L’esecuzione esclusiva della prestazione da parte del socio professionista si sostanzia attraverso l’imposizione di una serie puntuale di obblighi di informazione verso il cliente, posti a carico della società, dettagliati dall’articolo 4 e riguardanti:


  • il diritto del cliente di chiedere che l’esecuzione dell’incarico conferito alla società sia affidata ad uno o più professionisti da lui scelti;
  • la possibilità che l’incarico professionale conferito alla società sia eseguito da ciascun socio in possesso dei requisiti per l’esercizio dell’attività professionale;
  • l’eventuale esistenza di situazioni di conflitto d’interesse tra cliente e società, che siano anche determinate dalla presenza di soci con finalità d’investimento.

E’ conseguentemente previsto un obbligo della società di consegnare al cliente, perché possa operare una scelta libera e consapevole, l’elenco dei singoli soci professionisti, con l’indicazione dei titoli e delle qualifiche professionali di ciascuno, nonché l’elenco dei soci con finalità d’investimento.

La prova dell’adempimento degli obblighi informativi predetti è stabilito che debba risultare da un atto scritto.

L’articolo 5, in attuazione del principio della personalità dell’esecuzione della prestazione anche in caso di incarico conferito ad una società tra professionisti, regola l’ipotesi che il professionista designato si avvalga della collaborazione di sostituti ed ausiliari.

La sostituzione professionale è possibile solo in relazione ad attività che siano connotate da sopravvenute esigenze non prevedibili. E’ comunque garantita la facoltà del cliente, cui i nominativi dei collaboratori sono comunicati, di esprimere il proprio dissenso.

Il Capo III (articoli 6 e 7) definisce l’ipotesi di incompatibilità di partecipazione a più società tra professionisti sancita dall’articolo 10, comma 6, della legge 183/2011.


L’articolo 6, al comma 1, chiarisce che l’incompatibilità della partecipazione contemporanea a più società professionali si determina anche nel caso della società multidisciplinare e si applica per tutta la durata dell’iscrizione della società all’ordine di appartenenza.

Il comma 2 della stessa disposizione individua il momento in cui l’incompatibilità viene meno con riferimento alle diverse possibili ipotesi di scioglimento del rapporto sociale (recesso, esclusione del socio o cessione dell’integra partecipazione).

Il comma 3 introduce una incompatibilità alla partecipazione dei socie per finalità d’investimento ove non siano in possesso dei requisiti di onorabilità previsti per l’iscrizione all’albo professionale cui è iscritta la medesima società cui appartengono.

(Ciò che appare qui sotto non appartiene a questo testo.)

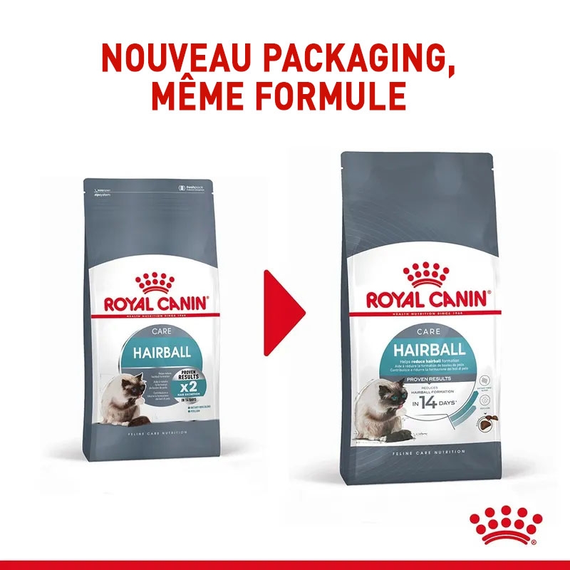 Les chats passent beaucoup de temps à se toiletter, ce qui peut entraîner l'ingestion de poils. Cela peut provoquer la formation de boules de poils dans leur système digestif, qui sont souvent régurgitées ou expulsées dans les selles. Hairball Care de ROYAL CANIN® aborde ce problème en incluant un mélange spécial de fibres, telles que le psyllium, qui stimule le transit intestinal de manière naturelle. Cela permet d'éliminer les poils ingérés par les selles au lieu de s'accumuler dans l'estomac.

Costituisce causa di incompatibilità, per i soci capitalisti;

  • l’aver subito condanne penali per una pena pari o superiore a due anni di reclusione per la commissione di un reato non colposo e salvo che non sia intervenuta riabilitazione;
  • il fatto di non essere più iscritto all’albo per motivi disciplinari e che intenda partecipare ad una società professionale come socio capitalista;

Il comma 5 prevede una sanzione disciplinare (per la società e per il socio professionista), regolata dagli ordinamenti professionali, nel caso di mancato rilievo della causa di incompatibilità o di mancata rimozione della stessa, incompatibilità che può essere desunta dalle risultanze degli albi, oltre che del registro delle imprese.


Ai fini della verifica dell’incompatibilità definita nell’articolo 6, l’articolo 7 del regolamento prevede l’iscrizione della società nel registro delle imprese, in particolare
nella sezione speciale istituita ai sensi dell’articolo 16 del d.lgs. n. 96/2001.

Il Capo IV (articoli 8-12) regola l’iscrizione della società tra professionisti all’albo professionale ed il loro regime disciplinare.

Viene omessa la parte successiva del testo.